When the two of them get into an argument at a Chinese restaurant, the owner’s mother gives them magic fortune cookies. The next morning, they wake up as each other. While they figure out how to return to their own bodies, each has to spend the day living the other’s life.

That means that Tess has to cope with high school, including a teacher with a grudge, a former friend-turned rival, a guy Anna has a crush on, and a big exam. Anna has some fun with her mother’s credit cards but then has to cope with needy patients and a television appearance promoting her mother’s new book. And both start to understand the pressure of the schedule conflict that is at the center of their conflict with each other — the rehearsal dinner before the wedding is at the same time as an important audition for Anna’s rock band.

Curtis and Lohan are so clearly enjoying themselves that they are fun to watch and the story moves along so briskly that its logical flaws barely get in the way.

Parents should know that characters use rude schoolyard words (“sucks,” “blows,” etc.). Anna wants to get the side of her ear pierced, and when she is in her mother’s body, she does. There is some kissing (the ew-factor of Ryan’s wanting to kiss Tess, not knowing that Anna is occupying her body, is handled with some delicacy). There are some tense family scenes and the movie deals with issues of parental control and teen rebellion.

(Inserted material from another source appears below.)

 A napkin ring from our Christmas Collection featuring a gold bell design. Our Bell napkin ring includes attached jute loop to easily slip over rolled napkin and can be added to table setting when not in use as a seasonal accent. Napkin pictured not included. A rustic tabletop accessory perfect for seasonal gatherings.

Families who see this movie should talk about why it is hard for Tess and Anna to understand each other at the beginning of the movie. If the parents and children in your family switched places, what would be the biggest surprises? Families will also want to discuss some of the choices Tess and Anna make, especially the resolution of Anna’s problems with her English teacher and the honors exam. And it might be nice to compare this to the original movie, in which the mother is a full-time mom in a two-parent household, and the daughter’s challenges center around housework.

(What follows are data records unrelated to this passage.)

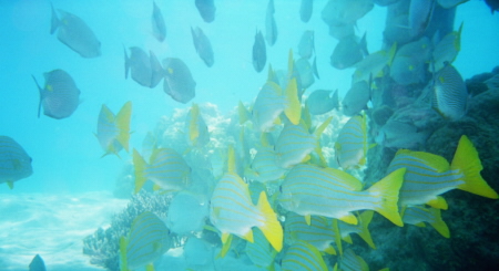 big ones. We saw parrot fish that were 2 foot long, a trevally, a cool 4 foot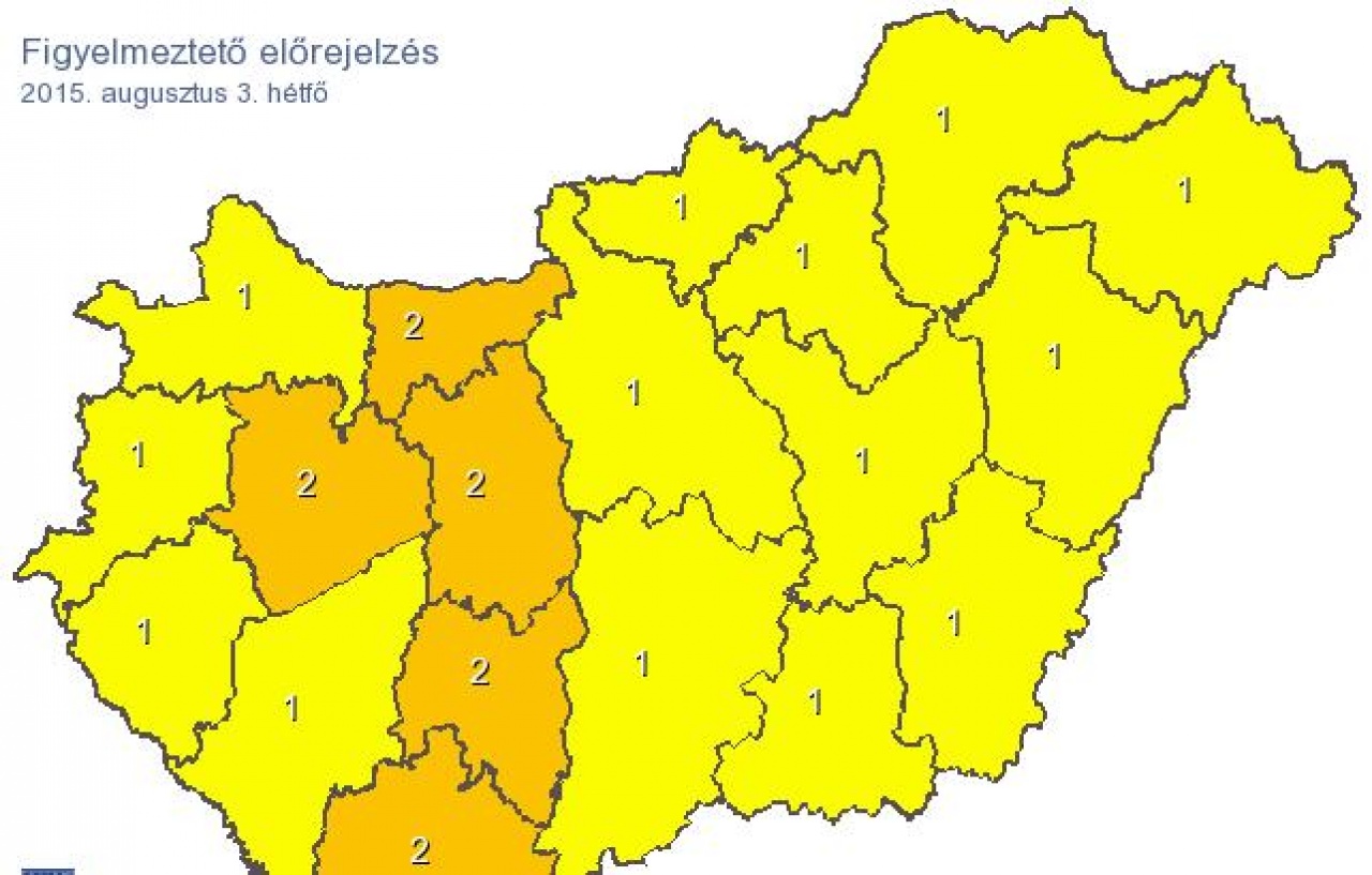 Átmeneti szünet után jellemzően déltől, kora délutántól ismét egyre több helyen kialakulhat eső. A zivatarokat helyenként felhőszakadás (ált. 25-45, néhol > 50 mm), szélerősödés (50-75 km/h) és jégeső (jellemzően 2 cm alatti átmérővel) kísérheti. Egy-egy heves zivatar sem kizárt jégesővel (2 cm körüli, esetleg feletti átmérővel) és 80 km/h feletti széllökéssel.
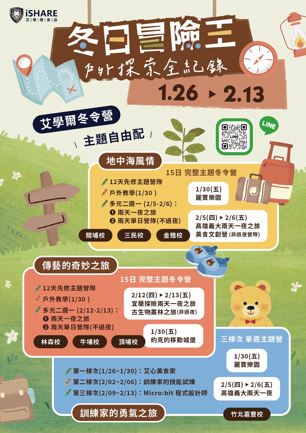 【2026寒假 艾學爾冬令營】冬日冒險王╭。戶外探索全紀錄 商品圖像 商品資訊 !詳細課程規劃與費用,請直接諮詢艾學爾各校! ▼ 各校戶外教學 及 兩天一夜 VS 兩日主題營 行程規劃 ▼ 商品Q&A 提問者稱呼 E-mail 手機 電話 留言內容 驗證碼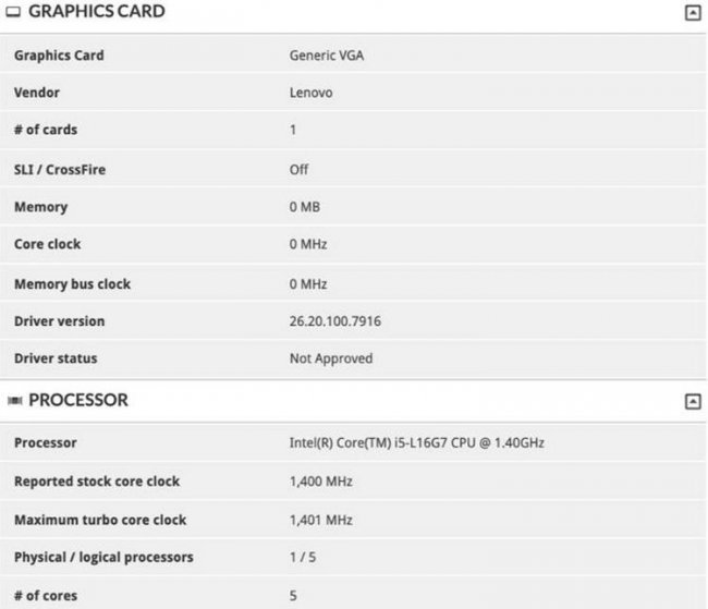 Этот тест в очередной раз подтвердил наличие у Core i5-L16G7 пяти вычислительных ядер, которые работают на пять потоков. Базовая частота процессора составила 1,4 ГГц, а вот максимальная Turbo-частота определена не была. Прежние утечки указывали, что она составит 2,95 ГГц. Также тест не раскрыл характеристик встроенной графики.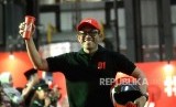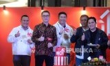 Peluncuran Cenderamata Resmi Paslon 01. Ketua TKN Jokowi-Maruf Amin, Erick Thohir (kanan) menerima potongan tumpeng dari Ketua Tim Pemenangan Jokowi_Amin DKI Jakarta Edi Prasetyo (kedua kanan) saat peluncuran cenderamata resmi #01 di Jakarta, Jumat (25/1/2019). (FOTO : Republika/ Wihdan)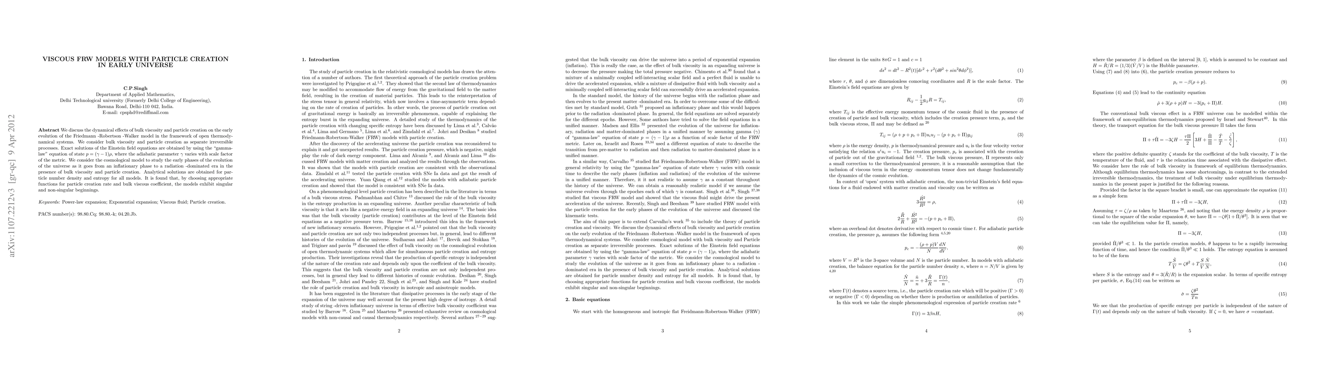 We discuss the dynamical effects of bulk viscosity and particle creation on the early evolution of the Friedmann -Robertson -Walker model in the framework of open thermodynamical systems. We consider bulk viscosity and Particle creation as separate irreversible processes. Exact solutions of the Einstein field equations are obtained by using the "gamma-law" equation of state $p=(\gamma -1)\rho$, where the adiabatic parameter $\gamma$ varies with scale factor of the metric. We consider the cosmological model to study the early phases of the evolution of the universe as it goes from an inflationary phase to a radiation -dominated era in the presence of bulk viscosity and particle creation. Analytical solutions are obtained for particle number density and entropy for all models. It is seen that, by choosing appropriate functions for particle creation rate and bulk viscous coefficient, the models exhibit singular and non-singular beginnings.

Families who enjoy this movie will enjoy the original Freaky Friday or the 1995 made-for-television version starring Shelley Long. Mary Rodgers is also the author/composer of the delightful musical “Once Upon a Mattress.” It is not available on video, but you can get the marvelous original cast album with Carol Burnett on CD. And every family should see the movie musicals composed by Rodgers’ famous composer father, Richard, including Oklahoma, South Pacific, Carousel, and The Sound of Music).